Fulfillment Ops Admin Automation Tutorial
This tutorial walks through a realistic CSharpDB Admin scenario for an app builder. You will use the fulfillment demo database to inspect operational tables, work with JSON document collections, review Access-style forms and reports, run stored procedures, build a small form automation workflow, and inspect the trusted host callbacks that make executable behavior visible without storing C# code in the database.

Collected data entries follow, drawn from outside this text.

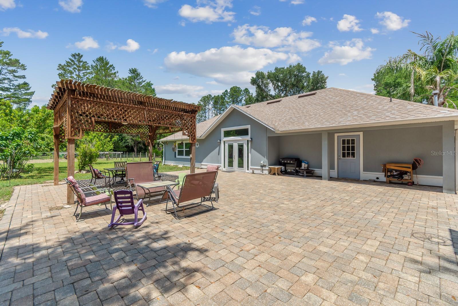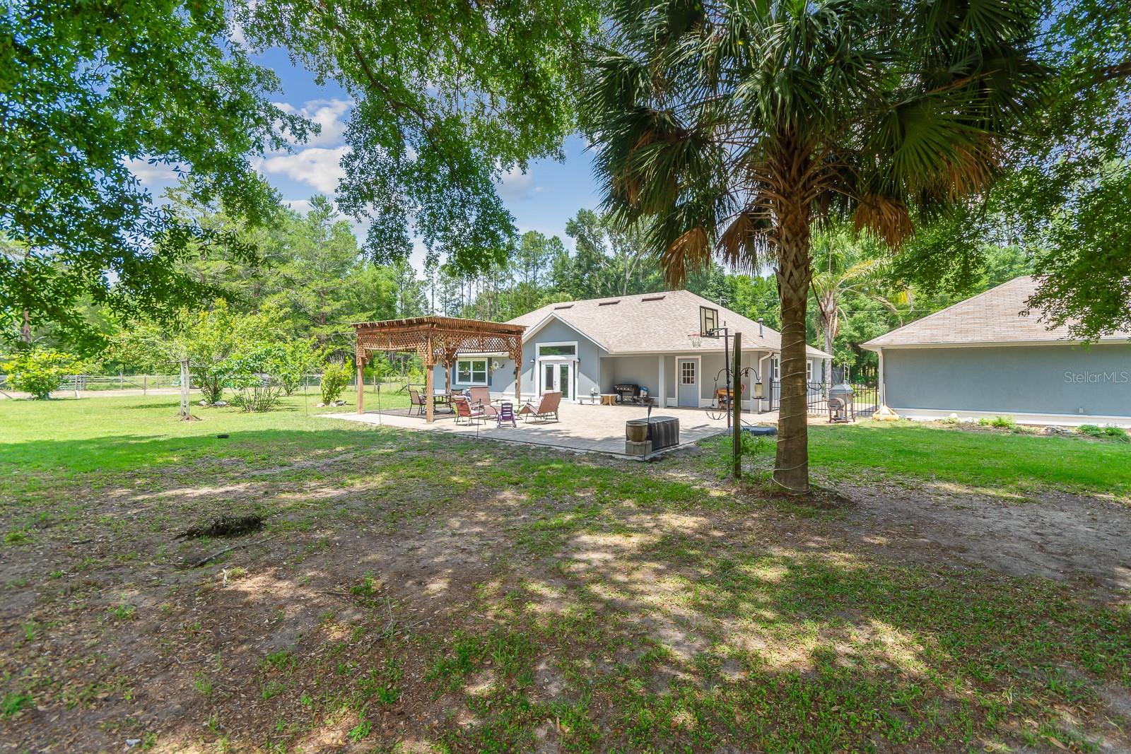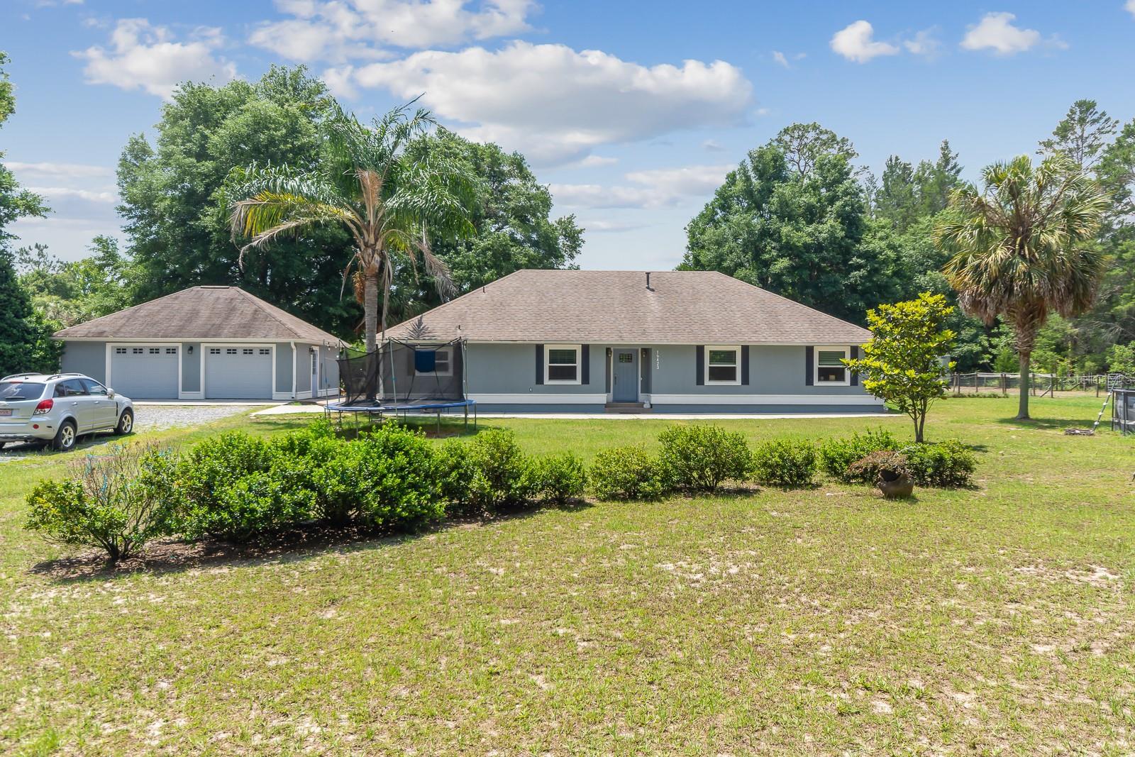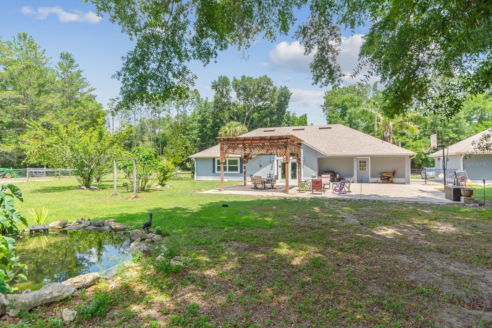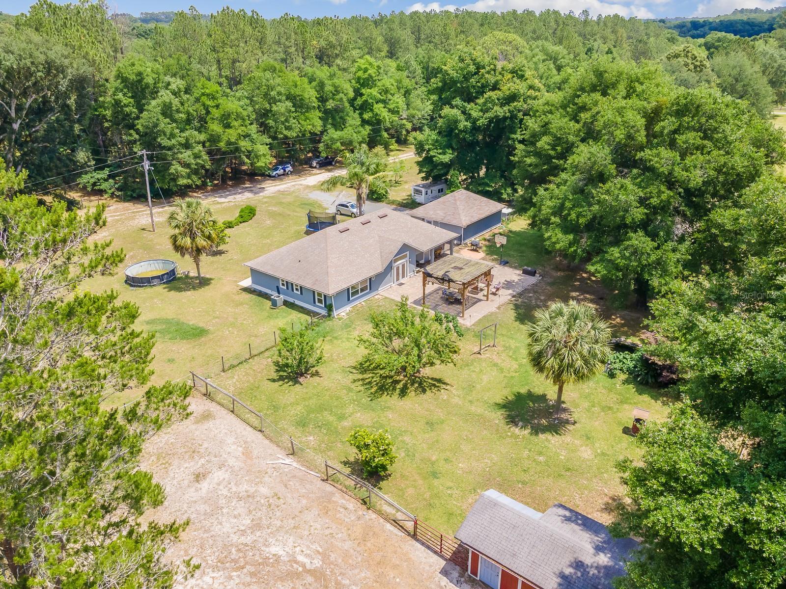 HORSE OWNERS DREAM, bring your horses/farm animals to enjoy a peaceful way of life, while the animals enjoy a spacious 5 acres you can sit out on your paved patio under the gazebo and enjoy the sunset while listening to the wildlife and the waterfall from the pond, the paved area would create a great place for a pool of your dreams. Inside you are welcomed in by a bright and open planned living area of the house with a fully updated interior to the house, including a bar addition to open up the space and create more seating for holding the perfect party with your guests. No Deed restrictions and NO HOA. This location is a convenient drive to Gainesville, Newberry, and Jonesville. Enjoy lower cost bills utilities through Clay Electric. Call today and turn your dream into reality! *SEE BELOW FOR LIST OF AMAZING UPDATES TO THE HOME* New roof early 2021, New dual paned windows throughout the whole house in 2023 along with new exterior doors, New flooring in all bedrooms in 2022, New bathroom in master 2023 along with new flooring, Upgraded counter and sinks in the other full bathroom, Updated kitchen with backsplash 2020, New bar with butcher Block 2023, Half the garage is epoxy flooring perfect for your gym equipment, 3 stall barn with electric and water, Maintained arena Lots of local trail riding.
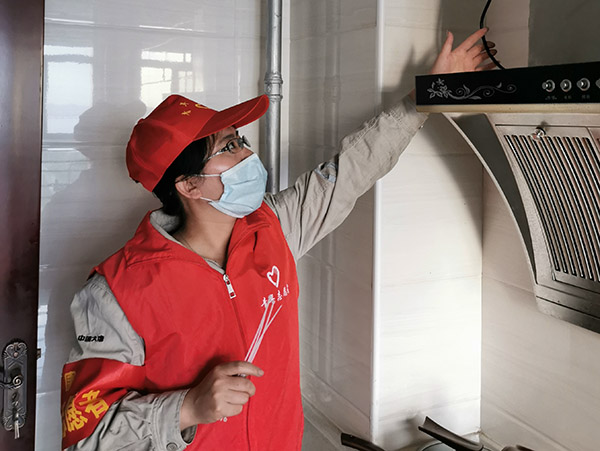 團員青年檢查居民家中用電線路情況
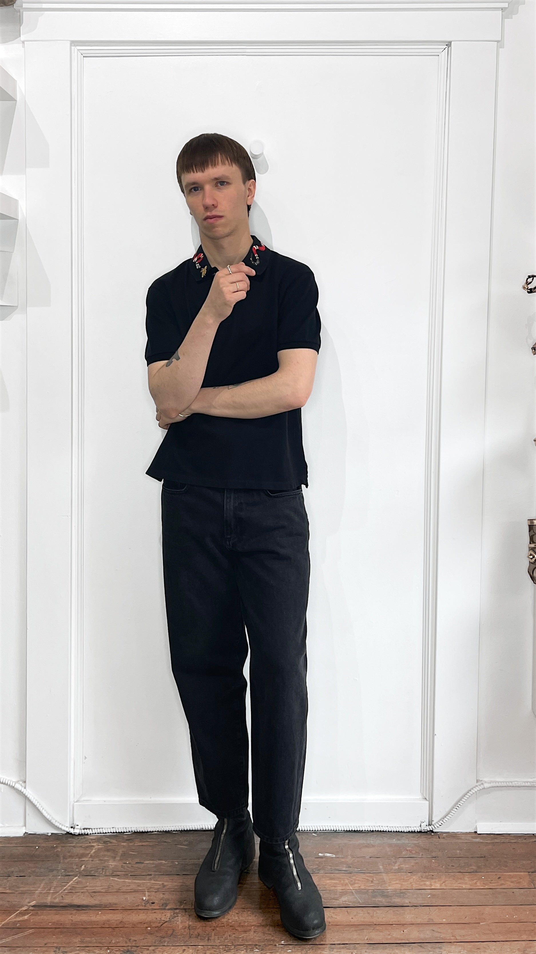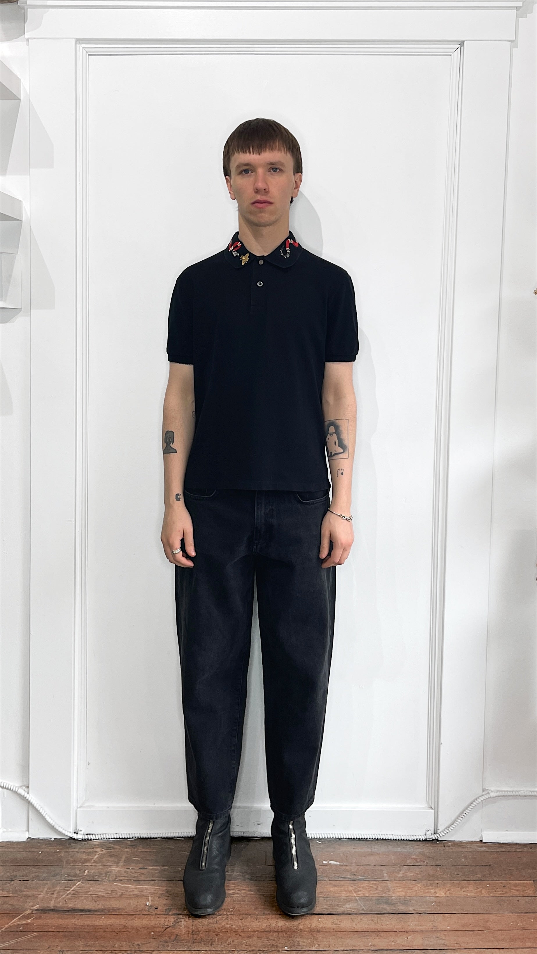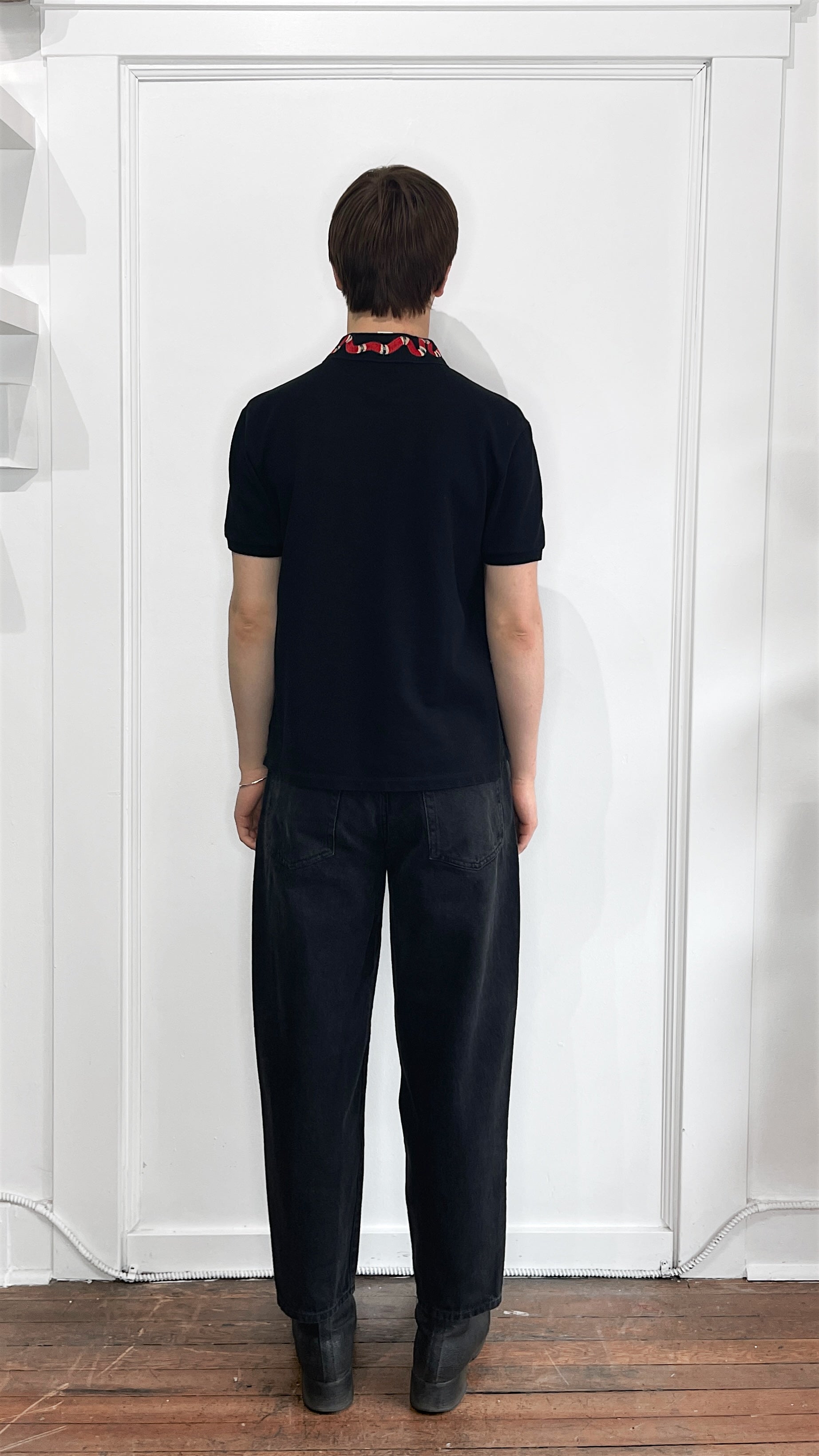Item: Gucci Black Cotton Pique Snake Collar Polo Shirt Large
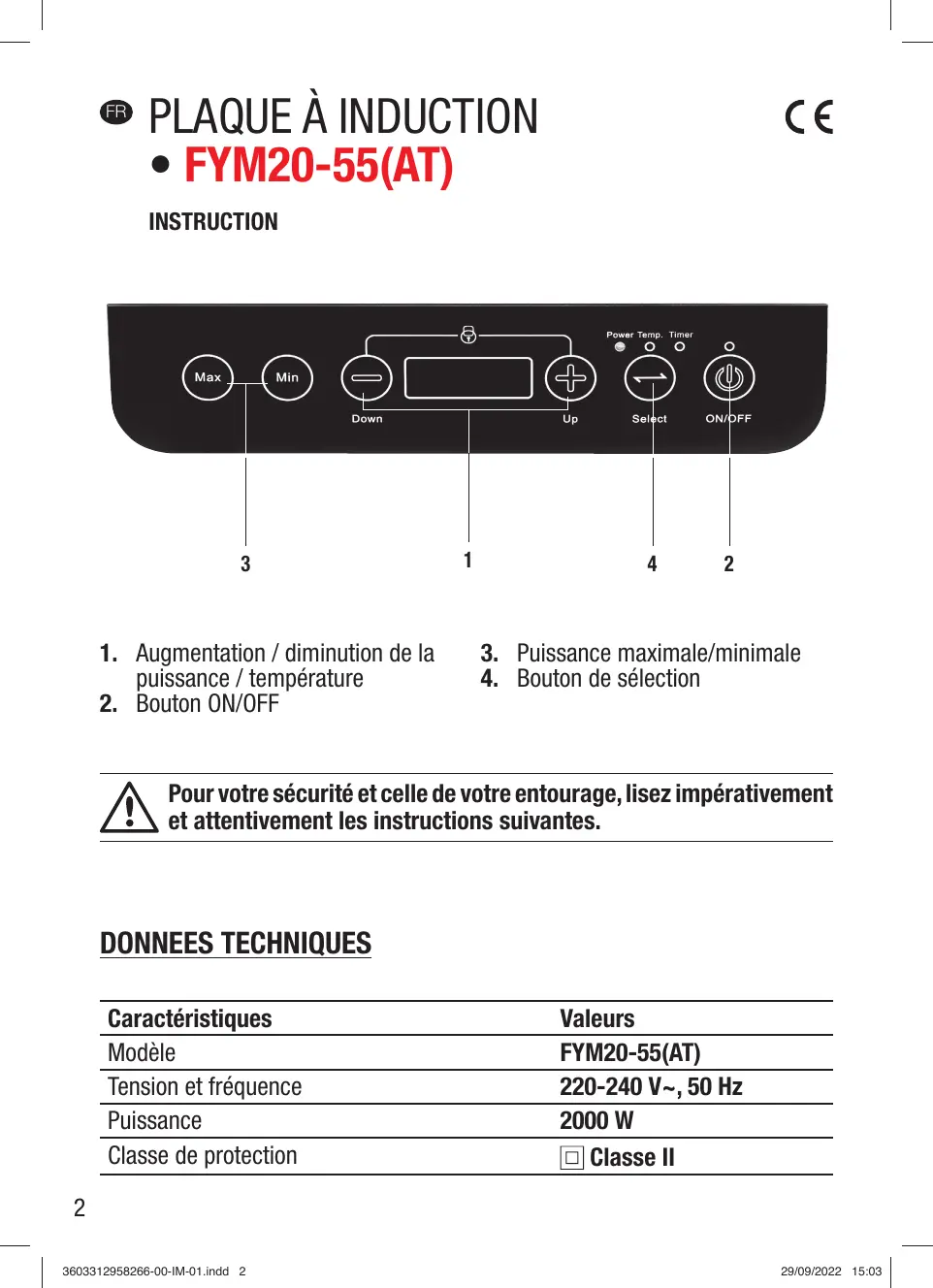 Pour votre sécurité et celle de votre entourage, lisez impérativement et attentivement les instructions suivantes. DONNEES TECHNIQUES Caractéristiques Modèle Tension et fréquence Puissance Classe de protection Valeurs FYM20-55(AT) 220-240 V~, 50 Hz 2000 W Classe II
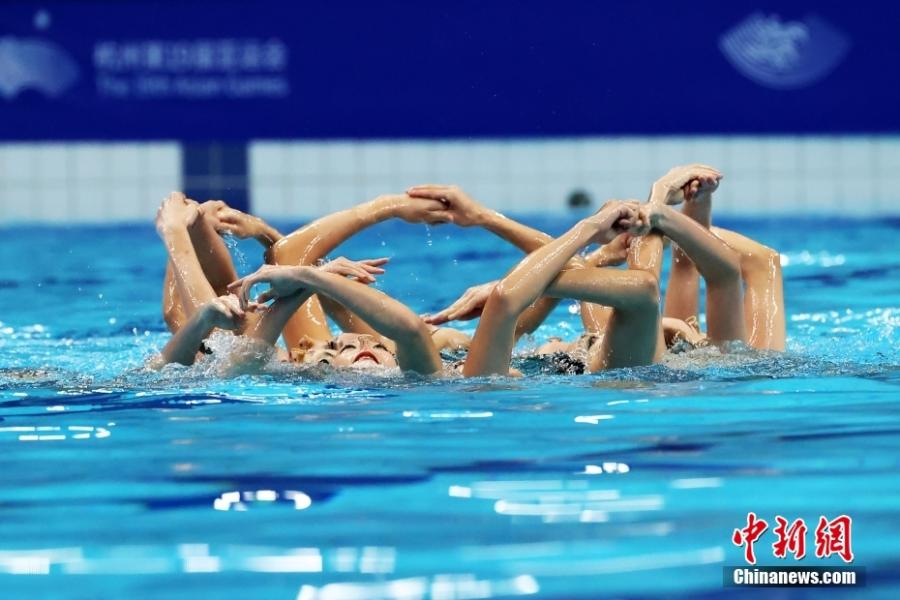 Team China competes during the Team Free Routine of Artistic Swimming at the 19th Asian Games at Hangzhou Olympic Sports Centre Aquatic Sports Arena in east China's Zhejiang Province, Oct. 8, 2023. (Photo: China News Service/Tang Yanjun)
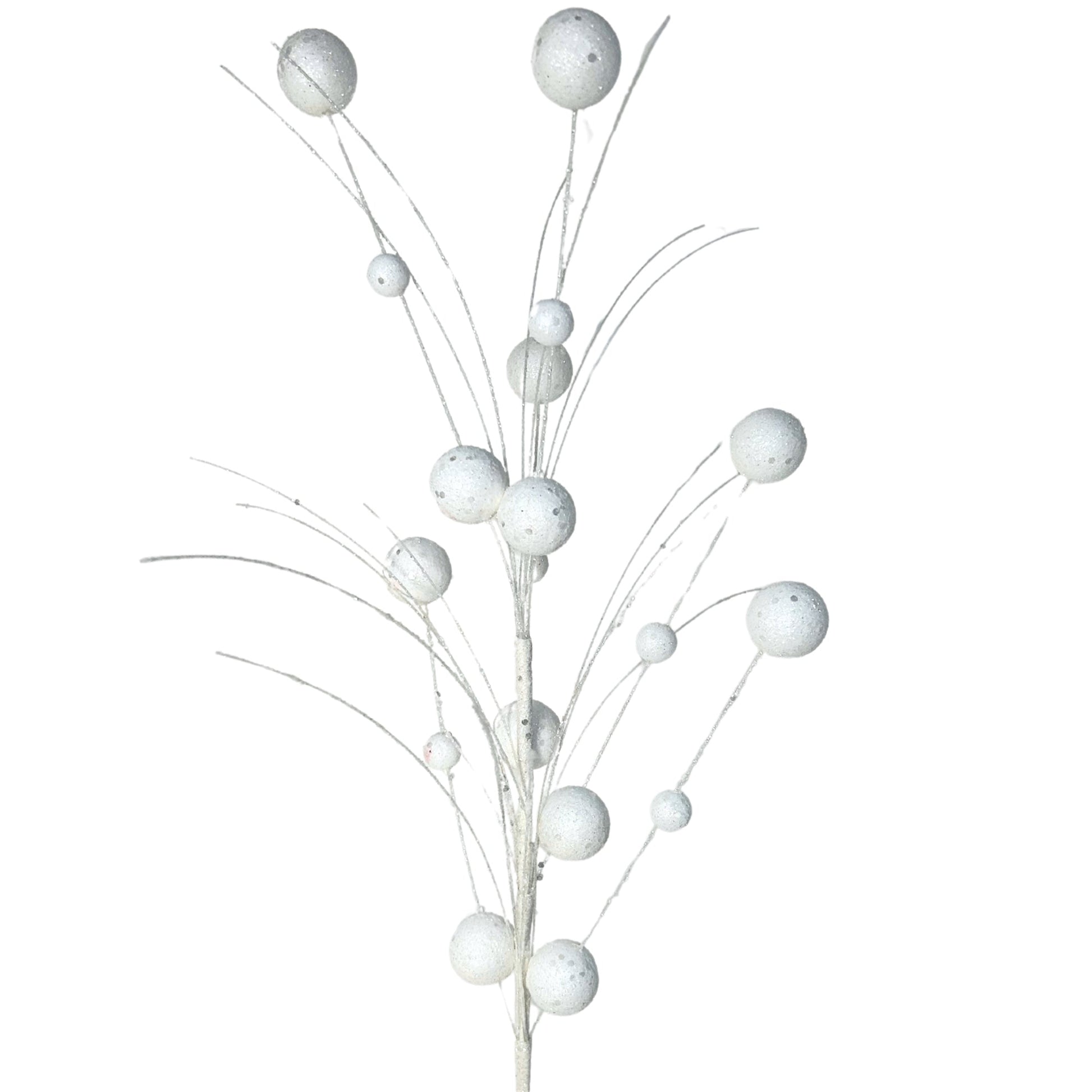Mixed Size Glittered Ball Spray - White 27" | KS
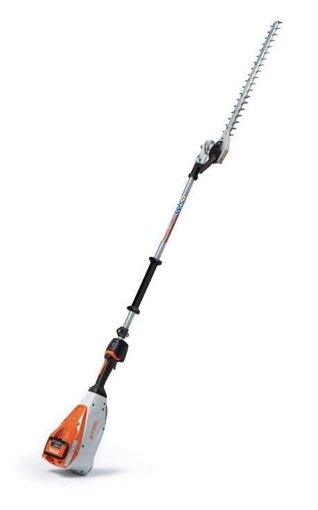 For professionals seeking optimal control and uncompromising performance in a battery-powered tool, the HLA 135 K (145°) extended reach hedge trimmer delivers with 12 cutting positions to maximize adaptability. This trimmer lets pros enjoy the clean, quiet benefits of battery-powered equipment without compromising performance and durability thanks to zero exhaust emissions and low noise. Built using the same shaft, gearbox and blades as found on the HL 94, it combines a proven, durable weather-resistant design with a variable-speed trigger with three performance levels, allowing pros to take on jobs with the versatility and performance they demand. The powerful brushless motor is virtually maintenance free. The onboard battery slot can support either an onboard battery, or a backpack battery for even longer run times.

The goal is not just to click through Admin. The goal is to understand the product model:
- tables and collections hold operational data
- stored procedures package reusable SQL work inside the database
- forms and reports provide Access-style application surfaces
- macro actions are saved as database metadata
- trusted callbacks are C# code owned and registered by the host application
- callback readiness tells app builders whether saved metadata can run in the current host
Scenario
You are building an internal fulfillment console for an operations team. The team needs to:
- review open orders
- create or review shipments
- receive purchase orders
- process returns
- inspect scanner-session JSON captured by warehouse devices
- inspect webhook payloads received from external systems
- run repeatable SQL workflows such as allocation, receiving, and status snapshots
- run a few host-owned automation hooks from buttons and form events
- verify that every callback referenced by forms, reports, or automation is registered by the current Admin host
CSharpDB Admin fits this scenario because it combines database browsing, document inspection, form design, reports, declarative macro actions, and stored procedure execution with trusted C# callback visibility in one tool.
Prerequisites
Use a copy of the demo database for tutorial work. The tutorial includes create, edit, and delete steps for disposable objects.
From the repository root:
Copy-Item `
-LiteralPath .\src\CSharpDB.Admin\fulfillment-hub-demo.db `
-Destination .\src\CSharpDB.Admin\fulfillment-hub-tutorial.db `
-Force
Start Admin against the copied database:
$env:ConnectionStrings__CSharpDB = 'Data Source=fulfillment-hub-tutorial.db'
dotnet run --project .\src\CSharpDB.Admin\CSharpDB.Admin.csproj --urls http://localhost:62818
Open:
http://localhost:62818/
The Admin header should show a connected database. If it still shows
fulfillment-hub-demo.db, stop Admin and restart it with the environment
variable above.
Important trust boundary:
- trusted callbacks are ordinary in-process C# code registered by the host
- database metadata can reference callback names, but does not store callback implementations
- CSharpDB does not use WASM, source scanning, or in-process database-owned plugin assemblies for this workflow
Tour The Admin App
Start in the Object Explorer on the left.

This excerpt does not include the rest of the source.